GIVEN DATA Block Start
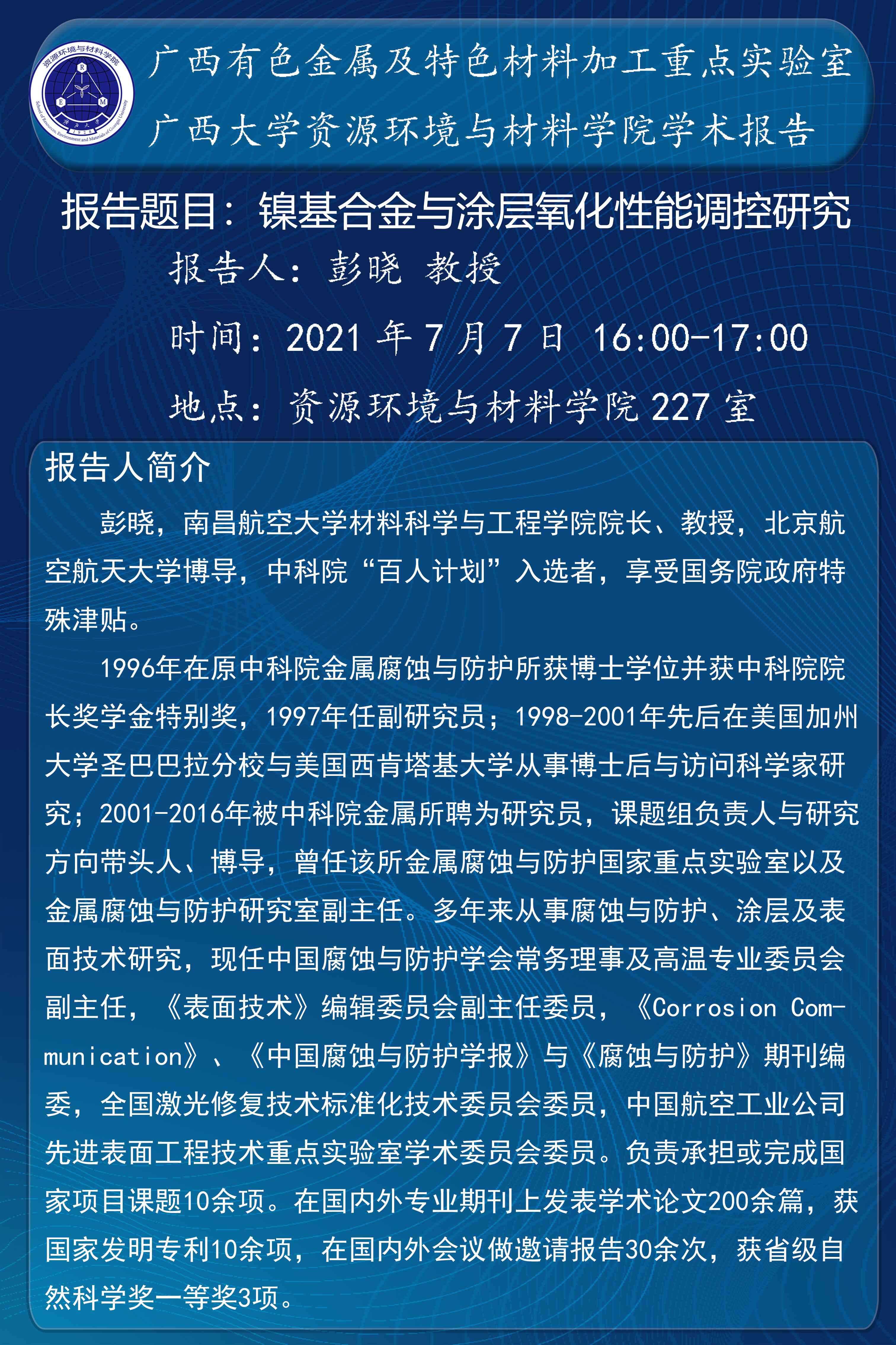 资源环境与材料学院学术报告:镍基合金与涂层氧化性能调控研究
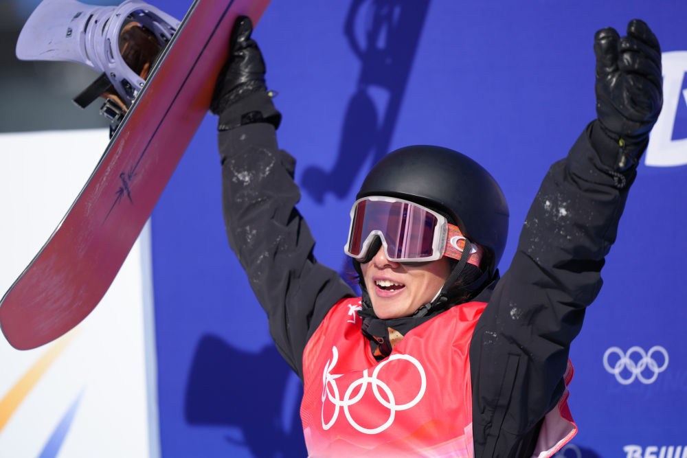 2月6日,中国选手苏翊鸣赛后庆祝。当日,在北京2022年冬奥会单板滑雪项目男子坡面障碍技巧资格赛中,苏翊鸣以资格赛第一的成绩晋级决赛。新华社记者薛玉斌摄
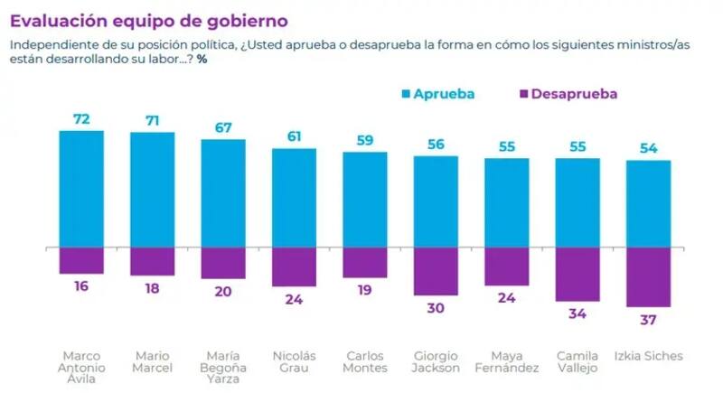 Y en cuanto al gabinete designado por Boric, apenas 9 de los 24 ministros superan el 40% de aprobación. Entre ellos, el más alto es el titular de Educación, Marco Antonio Ávila, con un 72%; seguido de cerca por el ministro de Hacienda, Mario Marcel, con un 71% y cierra el podio la jefa de la Cartera de Salud, María Begoña Yarza, con un 67%.
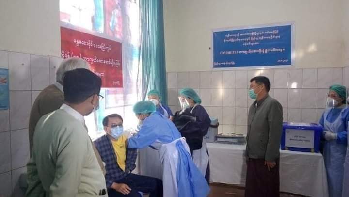 အဆိုပါ ကိုဗစ်-၁၉ ရောဂါကာကွယ်ဆေး (COVISHIELD) ထိုးနှံရာသို့ ပြည်သူ့လွှတ်တော်ကိုယ်စားလှယ် ဦးစောသောင်းတင်၊ အထွေထွေအုပ်ချုပ်ရေးဦးစီးဌာနမှ မြို့နယ်အုပ်ချုပ်ရေးမှူး ဦးလှမိုးဦးနှင့် ဆေးရုံအုပ်ကြီးဒေါက် တာဇော်မင်းသိုက်တို့မှ လေ့လာကြည့်ရှု့ခဲ့ကြပြီး ပထမဆုံးနေ့တွင် ကိုဗစ်-၁၉ ရောဂါကာကွယ်ဆေး(COVISHIELD)ကိုကျန်းမာ ရေး ၀န်ထမ်း အယောက်( ၂၀၀) ကျော်တို့အားထိုးနှံပေးခဲ့ပြီး ကျန်ရှိ၀န်ထမ်းများအား ဆက်လက်ထိုးနှံပေးသွားမည်ဖြစ်ကြောင်း သိရှိရသည်။
GIVEN DATA Block End
▶ PROBLEM DETAILS
Every line of the listing above is to be retyped exactly, but the pictures are to be dropped.

▶ RESPONSE FOR THIS EXERCISE
 资源环境与材料学院学术报告:镍基合金与涂层氧化性能调控研究
 2月6日,中国选手苏翊鸣赛后庆祝。当日,在北京2022年冬奥会单板滑雪项目男子坡面障碍技巧资格赛中,苏翊鸣以资格赛第一的成绩晋级决赛。新华社记者薛玉斌摄
 Y en cuanto al gabinete designado por Boric, apenas 9 de los 24 ministros superan el 40% de aprobación. Entre ellos, el más alto es el titular de Educación, Marco Antonio Ávila, con un 72%; seguido de cerca por el ministro de Hacienda, Mario Marcel, con un 71% y cierra el podio la jefa de la Cartera de Salud, María Begoña Yarza, con un 67%.
 အဆိုပါ ကိုဗစ်-၁၉ ရောဂါကာကွယ်ဆေး (COVISHIELD) ထိုးနှံရာသို့ ပြည်သူ့လွှတ်တော်ကိုယ်စားလှယ် ဦးစောသောင်းတင်၊ အထွေထွေအုပ်ချုပ်ရေးဦးစီးဌာနမှ မြို့နယ်အုပ်ချုပ်ရေးမှူး ဦးလှမိုးဦးနှင့် ဆေးရုံအုပ်ကြီးဒေါက် တာဇော်မင်းသိုက်တို့မှ လေ့လာကြည့်ရှု့ခဲ့ကြပြီး ပထမဆုံးနေ့တွင် ကိုဗစ်-၁၉ ရောဂါကာကွယ်ဆေး(COVISHIELD)ကိုကျန်းမာ ရေး ၀န်ထမ်း အယောက်( ၂၀၀) ကျော်တို့အားထိုးနှံပေးခဲ့ပြီး ကျန်ရှိ၀န်ထမ်းများအား ဆက်လက်ထိုးနှံပေးသွားမည်ဖြစ်ကြောင်း သိရှိရသည်။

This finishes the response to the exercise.